- _Brief_: Each line below from the line with "Steel Stake and Platform Bodies" to the line with "Ladles (picture) are" must be copied exactly, including those two, and no picture may appear in the copy.

#####

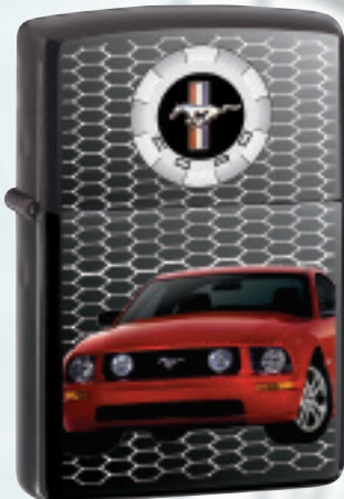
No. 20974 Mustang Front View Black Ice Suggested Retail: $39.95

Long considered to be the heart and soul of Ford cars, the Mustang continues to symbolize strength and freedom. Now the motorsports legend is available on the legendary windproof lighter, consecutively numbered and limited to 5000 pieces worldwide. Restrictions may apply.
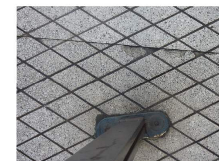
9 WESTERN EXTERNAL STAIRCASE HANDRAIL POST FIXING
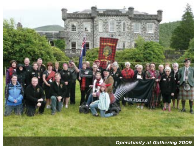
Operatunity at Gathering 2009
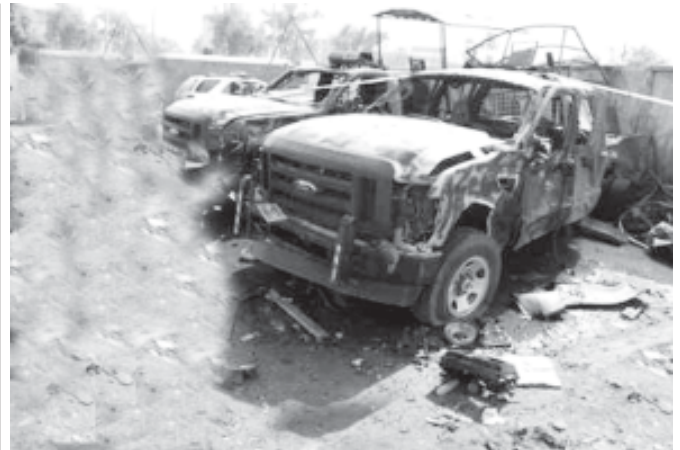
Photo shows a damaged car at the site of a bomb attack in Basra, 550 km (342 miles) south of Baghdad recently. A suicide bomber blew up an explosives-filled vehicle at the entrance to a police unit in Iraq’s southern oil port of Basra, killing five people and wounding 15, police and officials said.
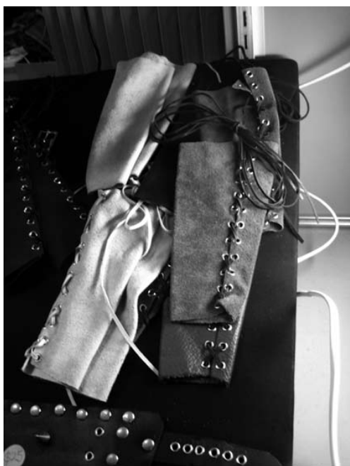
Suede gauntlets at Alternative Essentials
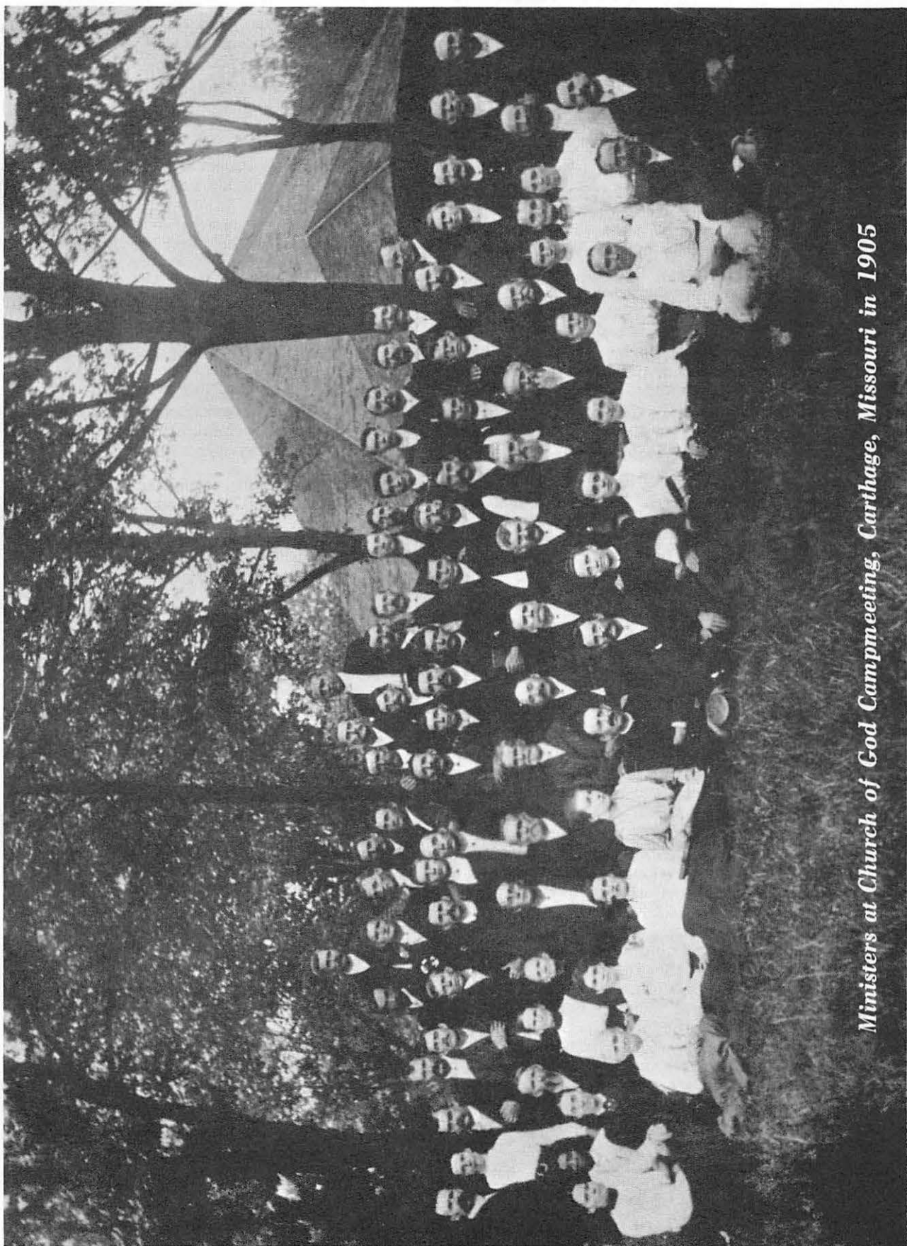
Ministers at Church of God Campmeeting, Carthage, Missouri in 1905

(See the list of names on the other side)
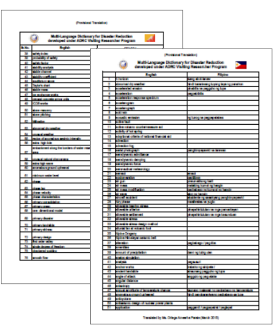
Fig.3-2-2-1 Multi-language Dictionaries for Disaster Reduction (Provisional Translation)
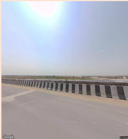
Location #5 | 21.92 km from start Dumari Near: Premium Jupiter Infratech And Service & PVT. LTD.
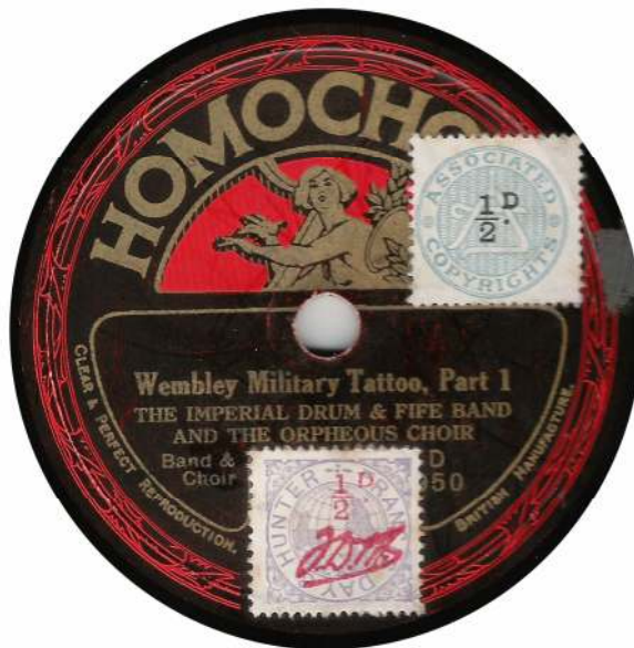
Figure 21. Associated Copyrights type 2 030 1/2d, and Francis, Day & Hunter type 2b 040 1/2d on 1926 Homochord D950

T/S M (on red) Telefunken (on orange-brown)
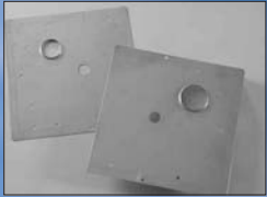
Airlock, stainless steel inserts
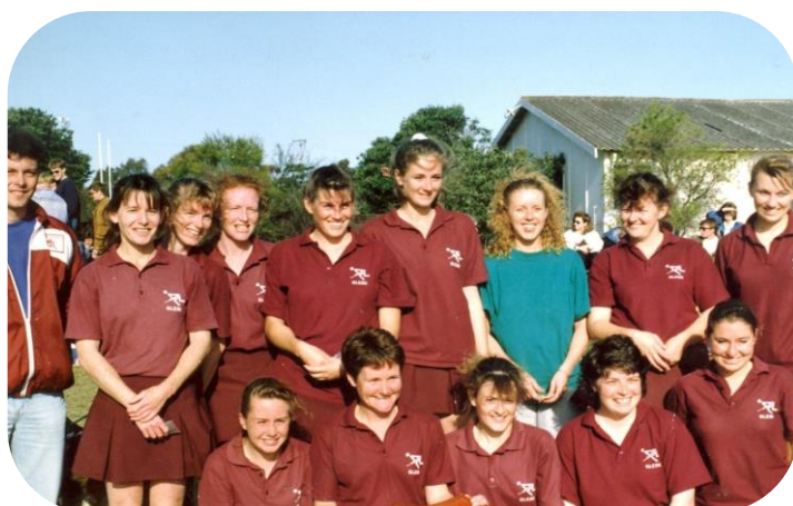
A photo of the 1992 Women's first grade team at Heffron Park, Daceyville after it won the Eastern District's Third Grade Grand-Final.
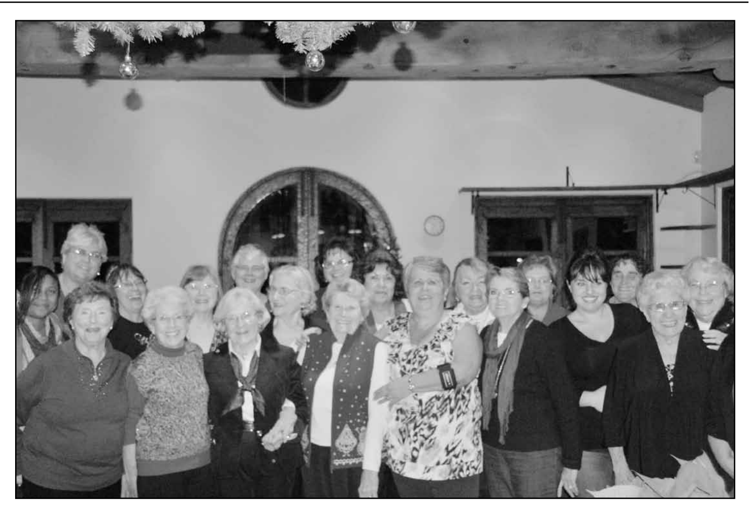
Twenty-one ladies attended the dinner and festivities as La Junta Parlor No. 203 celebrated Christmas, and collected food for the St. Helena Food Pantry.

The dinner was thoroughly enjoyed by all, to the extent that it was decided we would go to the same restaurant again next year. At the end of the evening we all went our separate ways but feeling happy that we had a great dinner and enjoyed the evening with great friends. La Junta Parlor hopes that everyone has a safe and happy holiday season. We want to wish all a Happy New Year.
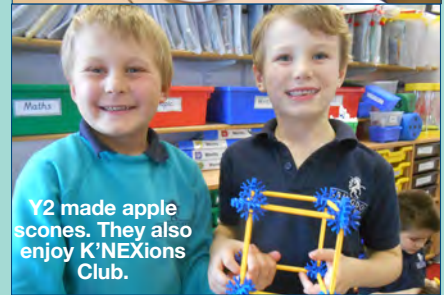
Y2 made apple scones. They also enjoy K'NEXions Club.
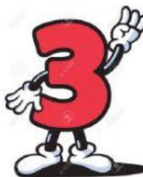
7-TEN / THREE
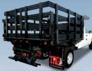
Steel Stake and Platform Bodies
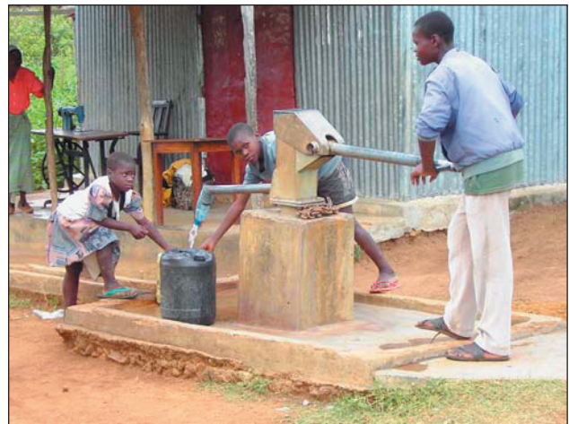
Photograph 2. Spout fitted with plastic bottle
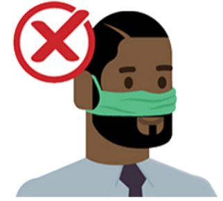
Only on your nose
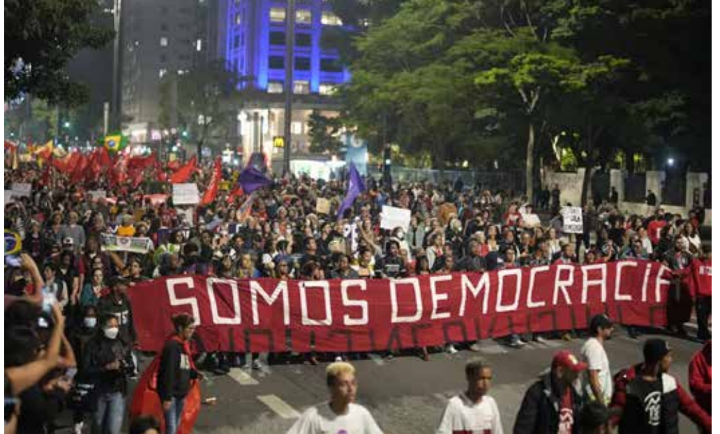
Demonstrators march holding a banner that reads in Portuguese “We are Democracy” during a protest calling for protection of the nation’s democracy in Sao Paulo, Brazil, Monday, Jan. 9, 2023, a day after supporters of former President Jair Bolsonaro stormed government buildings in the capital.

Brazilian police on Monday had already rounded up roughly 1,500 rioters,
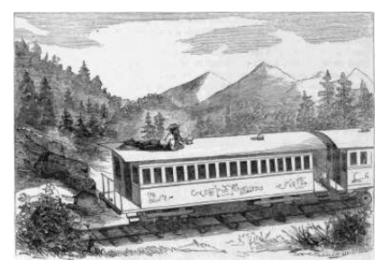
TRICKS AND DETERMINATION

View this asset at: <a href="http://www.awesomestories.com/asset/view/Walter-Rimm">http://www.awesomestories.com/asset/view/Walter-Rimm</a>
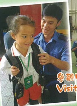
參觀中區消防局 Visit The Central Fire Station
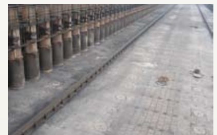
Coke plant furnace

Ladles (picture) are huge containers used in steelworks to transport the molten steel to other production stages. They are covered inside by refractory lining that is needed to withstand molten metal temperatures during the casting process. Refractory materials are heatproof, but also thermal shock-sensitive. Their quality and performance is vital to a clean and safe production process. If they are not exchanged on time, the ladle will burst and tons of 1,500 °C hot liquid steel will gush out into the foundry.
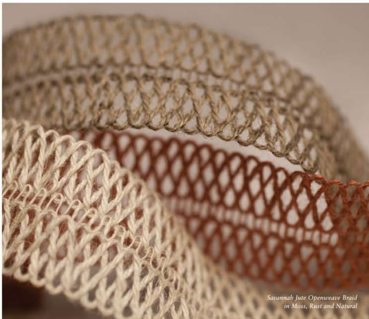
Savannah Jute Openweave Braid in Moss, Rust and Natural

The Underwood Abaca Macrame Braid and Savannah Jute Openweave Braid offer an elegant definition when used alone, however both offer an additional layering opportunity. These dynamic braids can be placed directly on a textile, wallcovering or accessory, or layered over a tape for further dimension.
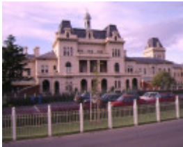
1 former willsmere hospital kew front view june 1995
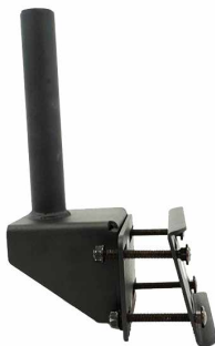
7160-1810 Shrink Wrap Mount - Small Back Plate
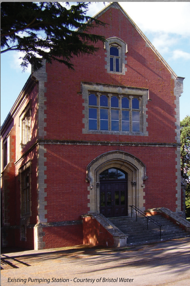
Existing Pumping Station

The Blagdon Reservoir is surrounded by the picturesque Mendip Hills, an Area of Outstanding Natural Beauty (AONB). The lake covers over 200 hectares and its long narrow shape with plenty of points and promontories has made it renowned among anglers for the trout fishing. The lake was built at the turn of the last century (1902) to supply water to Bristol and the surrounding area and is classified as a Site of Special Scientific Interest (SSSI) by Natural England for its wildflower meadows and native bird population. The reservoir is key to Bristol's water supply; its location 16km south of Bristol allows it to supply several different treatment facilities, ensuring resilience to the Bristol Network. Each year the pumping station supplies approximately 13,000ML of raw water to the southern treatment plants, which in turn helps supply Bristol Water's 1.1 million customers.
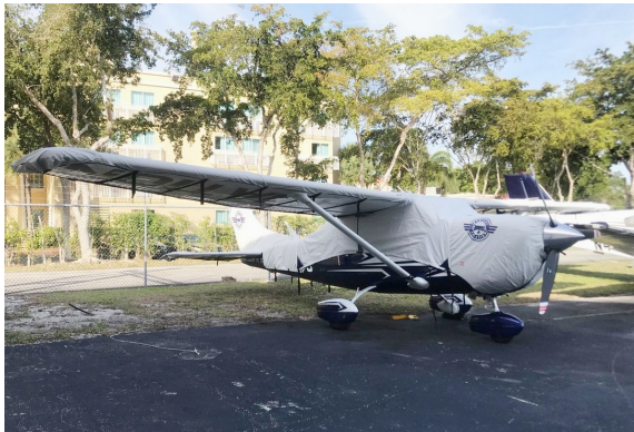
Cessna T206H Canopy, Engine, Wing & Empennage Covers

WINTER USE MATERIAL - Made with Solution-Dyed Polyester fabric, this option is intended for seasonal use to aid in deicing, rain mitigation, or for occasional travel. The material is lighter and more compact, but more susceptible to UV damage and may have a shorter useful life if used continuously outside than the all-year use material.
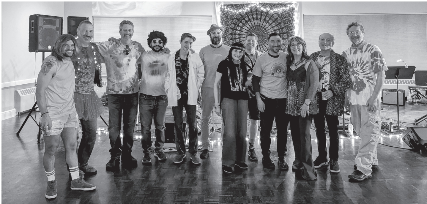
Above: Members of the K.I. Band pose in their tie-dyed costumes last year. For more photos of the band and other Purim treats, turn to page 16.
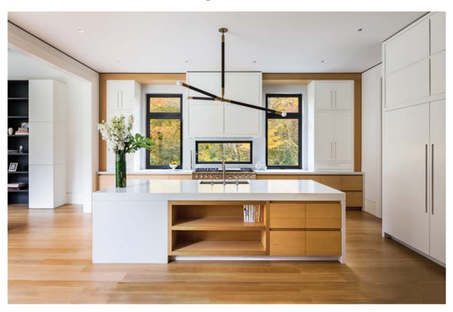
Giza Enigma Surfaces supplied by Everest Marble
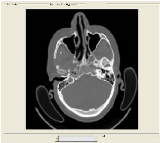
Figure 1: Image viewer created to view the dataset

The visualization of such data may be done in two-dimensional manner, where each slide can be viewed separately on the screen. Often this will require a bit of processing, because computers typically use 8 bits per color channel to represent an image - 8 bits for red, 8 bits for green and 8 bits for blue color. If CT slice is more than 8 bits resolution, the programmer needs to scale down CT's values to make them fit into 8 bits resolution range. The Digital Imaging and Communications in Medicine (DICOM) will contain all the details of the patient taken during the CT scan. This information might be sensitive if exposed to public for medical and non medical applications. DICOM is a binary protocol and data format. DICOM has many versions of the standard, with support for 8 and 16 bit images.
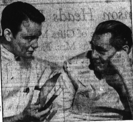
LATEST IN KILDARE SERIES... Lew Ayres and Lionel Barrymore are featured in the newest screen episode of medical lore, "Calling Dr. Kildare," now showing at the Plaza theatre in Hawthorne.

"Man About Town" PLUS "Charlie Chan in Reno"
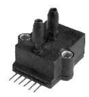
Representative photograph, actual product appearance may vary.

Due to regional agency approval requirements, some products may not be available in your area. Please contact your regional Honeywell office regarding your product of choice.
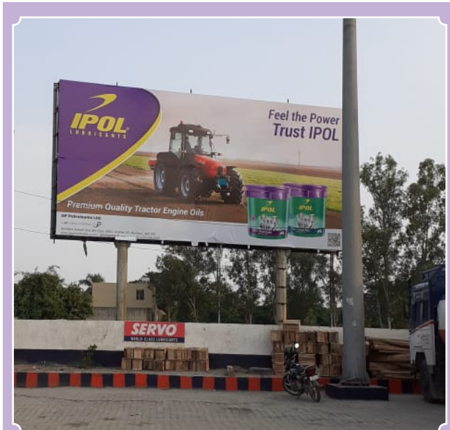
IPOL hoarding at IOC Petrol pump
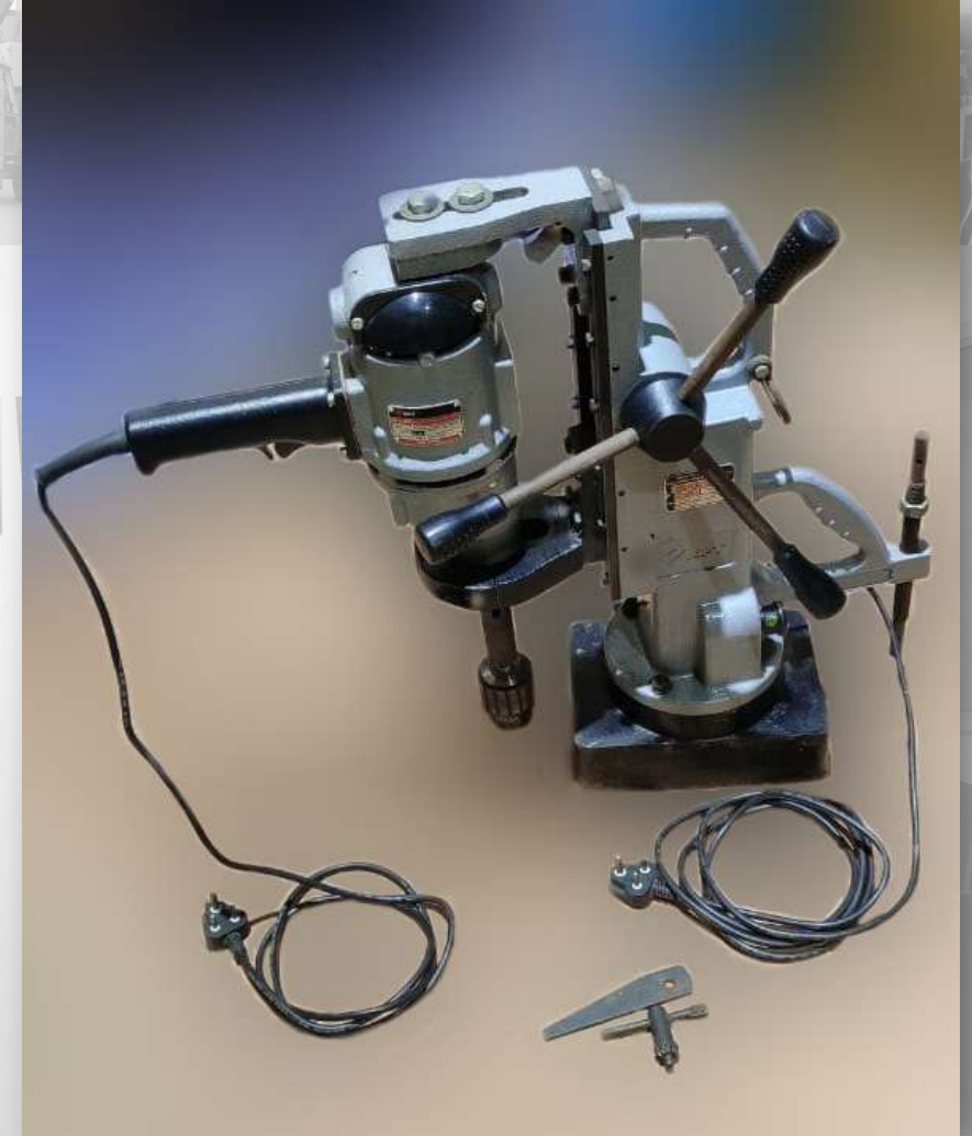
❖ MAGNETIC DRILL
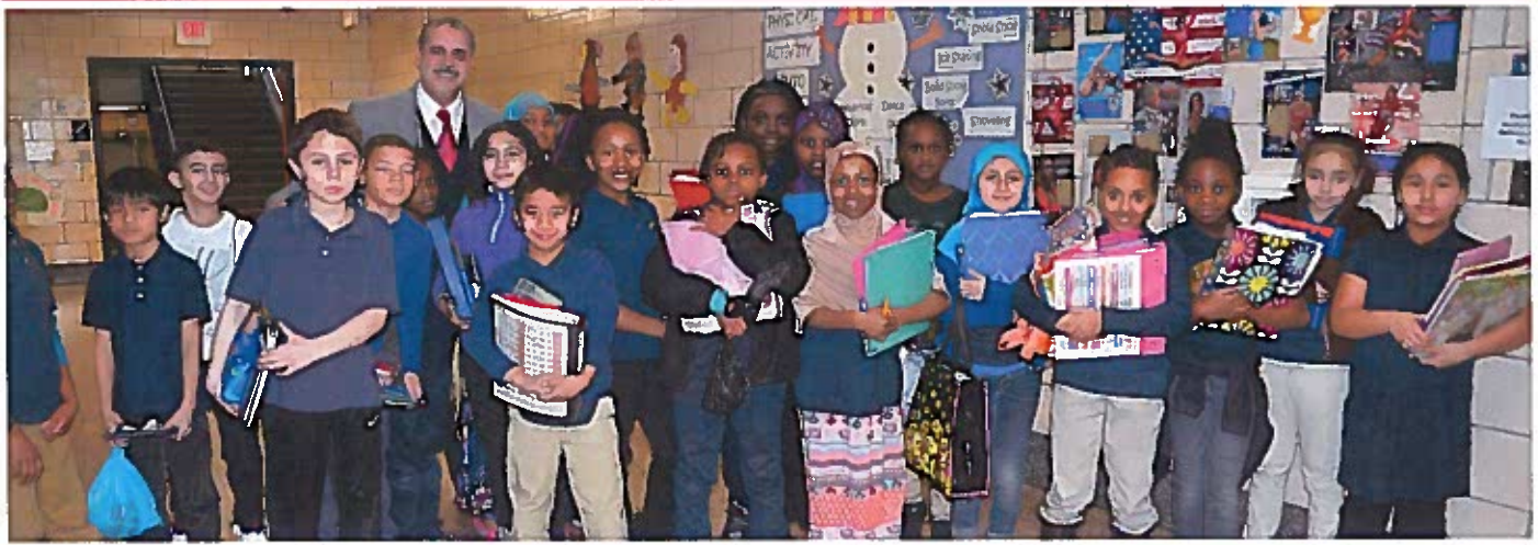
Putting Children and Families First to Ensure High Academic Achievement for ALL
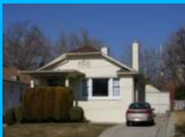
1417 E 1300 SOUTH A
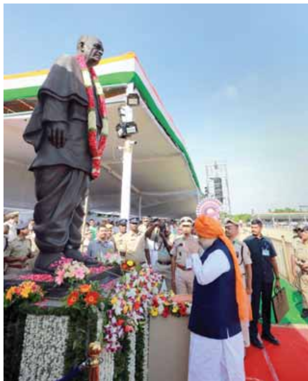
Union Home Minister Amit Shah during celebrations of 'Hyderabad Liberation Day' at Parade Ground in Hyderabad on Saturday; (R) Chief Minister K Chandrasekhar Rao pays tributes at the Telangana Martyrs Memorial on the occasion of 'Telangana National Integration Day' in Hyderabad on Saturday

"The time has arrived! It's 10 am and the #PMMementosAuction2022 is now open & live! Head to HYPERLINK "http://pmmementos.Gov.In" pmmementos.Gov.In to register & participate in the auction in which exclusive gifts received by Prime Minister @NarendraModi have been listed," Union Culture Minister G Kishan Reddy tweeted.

#####

- _Reply_:
Steel Stake and Platform Bodies
Photograph 2. Spout fitted with plastic bottle
Only on your nose
Demonstrators march holding a banner that reads in Portuguese “We are Democracy” during a protest calling for protection of the nation’s democracy in Sao Paulo, Brazil, Monday, Jan. 9, 2023, a day after supporters of former President Jair Bolsonaro stormed government buildings in the capital.

Brazilian police on Monday had already rounded up roughly 1,500 rioters,
TRICKS AND DETERMINATION

View this asset at: <a href="http://www.awesomestories.com/asset/view/Walter-Rimm">http://www.awesomestories.com/asset/view/Walter-Rimm</a>
參觀中區消防局 Visit The Central Fire Station
Coke plant furnace

Ladles (picture) are huge containers used in steelworks to transport the molten steel to other production stages. They are covered inside by refractory lining that is needed to withstand molten metal temperatures during the casting process. Refractory materials are heatproof, but also thermal shock-sensitive. Their quality and performance is vital to a clean and safe production process. If they are not exchanged on time, the ladle will burst and tons of 1,500 °C hot liquid steel will gush out into the foundry.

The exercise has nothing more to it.